For pulseio.PulseIn implementations that do appear to allocate buffers once per PulseIn construction internally, like the espressif version, should you be able to repeatedly call popleft, etc on them without leaving temporaries?

sorry, I tend to juggle a bit - I've got two related but different "open questions" - one related to "reading" servo style PWM signals ("give me duty_cycle" - probably going to try just using ADC / analog inputs), the other regarding the GC footprint of adafruit_irremote. Both involve pulesio.PulseIn, but the GC related focus is specific to adafruit_irremote.

TL;DR; trying to determine whether most boards can at least read the PulseIn data without leaving stranded temporaries - because if that's true then taking a crack at a low-no GC temporary reimplementation of adafruit_irremote (with a different name) would make more sense

ESP's PulseIn looks like it allocates on object construction only

that's what it looked like to me

have you used memorymonitor to find hidden allocations?

but I haven't even run (much less looked at the source for) CircuitPython on anything other than ESP32 variants

I've been using various patterns for before/after sampling with gc.mem_alloc() and gc.mem_free()

Haven't nailed down everything, but it's been enough to find the "worst offenders"

unfortunately that includes passing in *variadic, **andKeyword parameters on function/method invocations - took a good bit of refactoring to deal with those (fortunately there's no cost invoking functions which optionally accept such parameters when you don't pass any in)

But the "big bad" for chewing through GC like candy have been adafruit_irremote and adafruit_httpserver (and dealing with JSON encoding for websocket packets)

Unfortunately both of those are quite a bit more useful for my target audience then reading servo style PWM so they can recycle old RC transmitter/receiver pairs

memorymonitor is meant to let you assert a section of code doesn't trigger any allocations

I'd guess mem_alloc and mem_free are only accurate after a collect

mem_alloc and mem_free look to be mostly accurate.
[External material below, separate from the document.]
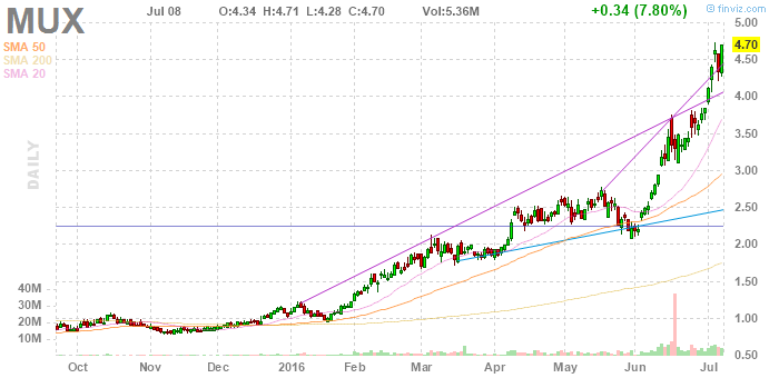 Schon seit Monaten ist MUX in bestechender Form, heute mit weiterem Mehrjahreshoch mit momentan 4,08C$$
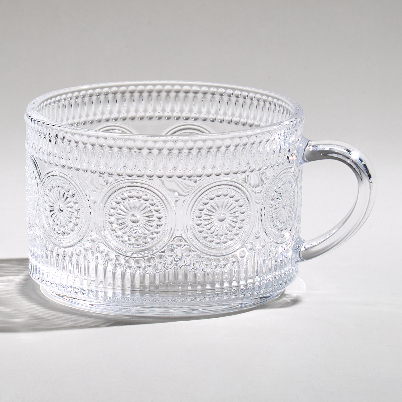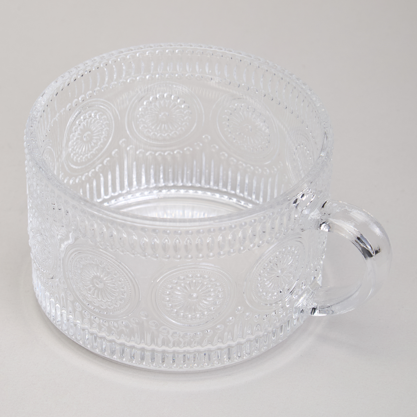 Объем в 400 мл делает её универсальной для различных напитков — от ароматного кофе и чая до освежающих коктейлей, и соков. Прозрачное стекло позволяет насладиться не только вкусом, но и красотой напитка, подчеркивая его насыщенные цвета и текстуры. Узоры на поверхности добавляют визуальное разнообразие, создавая уникальную эстетическую атмосферу.

I've built a bunch of bench test code to isolate very specific repetitive behaviors and I get statistically consistent results. There is occasional weirdness, but I suspect that's due to various sporadic background stuff.

specifically, if before / after gc.mem_free() samples around a given "behavior" like foo(a,b,**kwds) shows a net drop, 100 calls will show 100 more similar drops and a gc.collect() at the end gets it all back

I haven't done much with garbage collection prior to CircuitPython - it tends to be a major no-no in most of my "professional" work because of latency issues. Since minimizing latency is more important than overall performance in some embedded stuff and pretty much anything related to automated trading, if you need dynamic allocation at all it's usually done on the heap with reference counting, to avoid unpredictable delays from the garbage collector jumping in. Even then, there's still a lot of monkey business trying to get things optimally situated for alignment and cache sizes (usually several layers in big multi-processing servers (with multiple cores in multiple cpus), locality to minimize page swapping.... can trap one in serious techno-navel-gazing

Because of that background, I've got a lot of experience with stupid reference counting tricks and C/C++ heap implementations. My C++ ESP32 firmware has a totally custom heap system which I can tune based on allocation size and (optionally) track the "stack" responsible for every allocation with surprisingly low overhead. And it can manage all kinds of fun stuff - including serious websocket traffic, managing a local LVGL interface with a touchpanel TFT and some snazzy StemmaQT inputs ( the quad Encoder and the "Navigator") , running local DSL code, and driving over 1000 NeoPixels (7 channels of 150 each) fast enough to never notice a refresh without "leaking" memory for weeks at a time. What's your Christmas tree look like 😁 ?